Глава 3
В карете, уносившей подруг к родным пенатам, Маша трещала, как канарейка: уж так-то понравилась ей госпожа Рюлина и в особенности приветливая Адель. Ольга угрюмо молчала.
— А картины она тебе показывала? — спросила она, наконец, усталым, скучным голосом.
— Да… Фу, какая гадость!.. Не понимаю, как их можно держать в доме…
— Нравятся иным… — с насмешкой протянула Ольга.
— Но зато Жени Мюнхеновой портрет — какая прелесть! Ольга встрепенулась.
— Как? — бросила она порывистый вопрос, — Адель уже просветила тебя и о Жене Мюнхеновой?
— Фу, Ольга! — удивилась Маша, — «просветила!» как ты странно выражаешься!

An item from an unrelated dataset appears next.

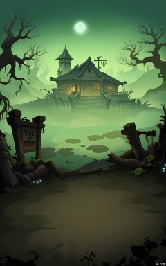 KTCJ, A digital cartoon illustration showcases a swampy marshland at twilight. A decrepit wooden shack with a crooked chimney sits on stilts in the middle of murky water. The foreground features a narrow, muddy trail with lily pads floating on either side. Slimy logs and decaying vegetation are strewn about, and a weathered sign with "MIRE OF MISERY" written on it leans against a tree. The sky is a sickly green, with gnarled trees silhouetted against it. The mood is damp and dismal.

— Не в том дело… Ну, ну! что она тебе о Жене наговорила?
Маша передала. Ольга хмурая слушала, покусывая губы.
Когда Маша кончила:
— Ты все-таки этого имени дома как-нибудь не брякни! — посоветовала Ольга, откидываясь в темную глубь кареты. — Хотя твой почтенный родитель тоже довольно невинный цыпленок для своих преклонных лет, однако, может быть, как-нибудь случайно осведомлен… И едва ли ему понравится, что дочка посещает дом, где на стенах красуются непристойные картины, а хозяйки читают девицам лекции о превосходстве содержанок… хотя бы и великокняжеских! — над порядочными женщинами…
— Да я уже и сама соображаю, что тут кое о чем лучше будет промолчать, — поддакнула Маша с важностью заговорщицы.

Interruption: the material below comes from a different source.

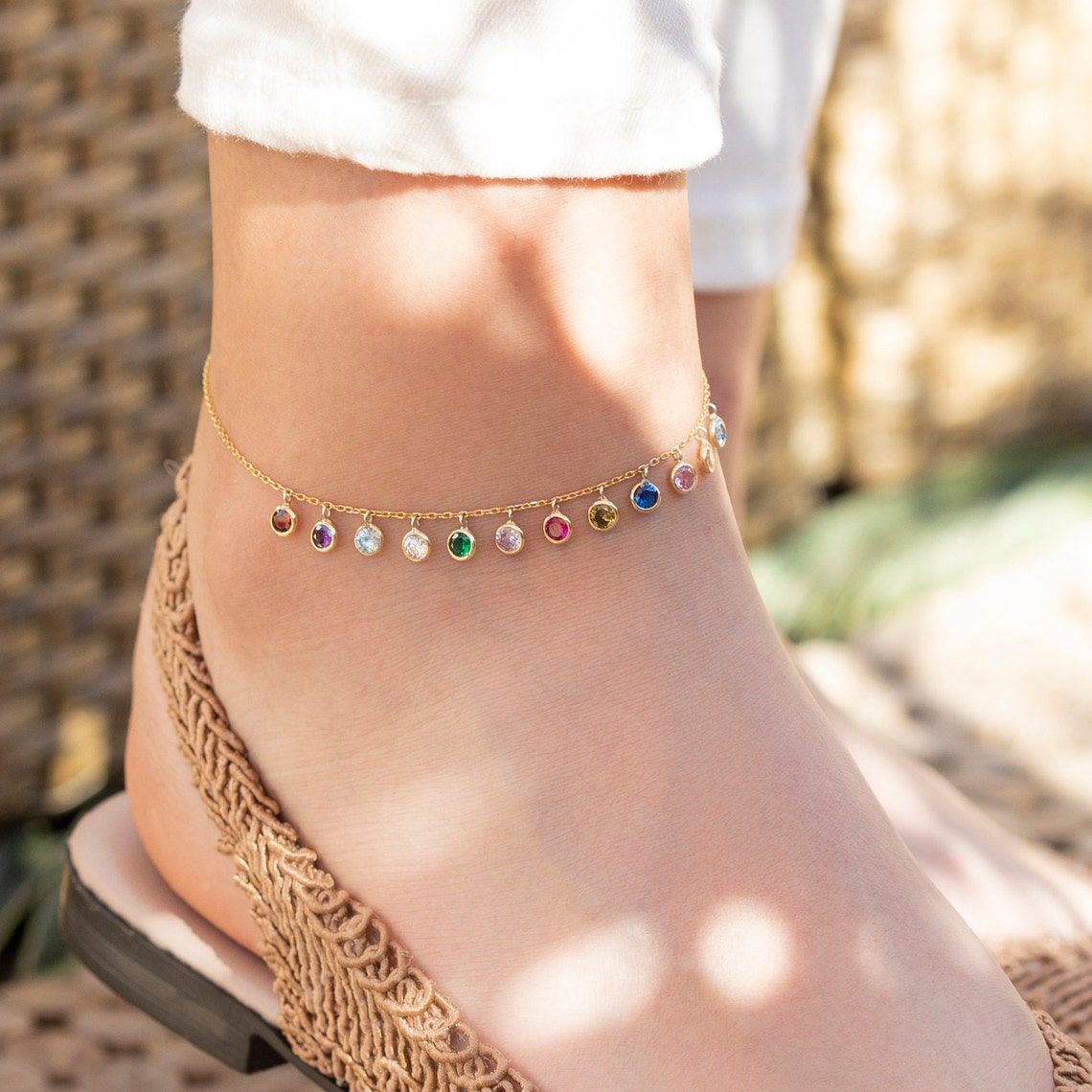 A stylish and delicate anklet featuring a minimalist design with colorful stones, perfect for adding a subtle pop of color to any outfit. Ideal for girls who love simple yet chic accessories.

Ольга странно, неприятно рассмеялась.
— Да, уж лучше помолчи! Однако, как Аделька спешит с тобою… вот спешит! — вымолвила она после короткой паузы, как бы размышляя вслух. — Я не запомню, чтобы она с кем-либо еще так спешила…
— То есть… как это? в чем? Я не понимаю.
— Дружить с тобой уж что-то слишком пылко устремилась… Ты, Маша, как хочешь, твое дело, но все-таки мой тебе добрый совет: не бери очень всерьез, что она тебе толкует… Она ведь у нас соловей, запоет кого хочет…
— Разве она мне все неправду говорила? — недоверчиво озадачилась Маша.
— М-м-м… н-н-нет… правду-то правду, пожалуй, н-но…
— Что же?
— Да талант у нее — так повернуть и расписать правду, что уж лучше бы лгала…
— Однако, Оля, вот это, что она хвалилась, будто у них бывают великие князья, — это-то верно?
Ольга опять вся нырнула во мрак.
— Всякие у них бывают, — послышался сухой ответ.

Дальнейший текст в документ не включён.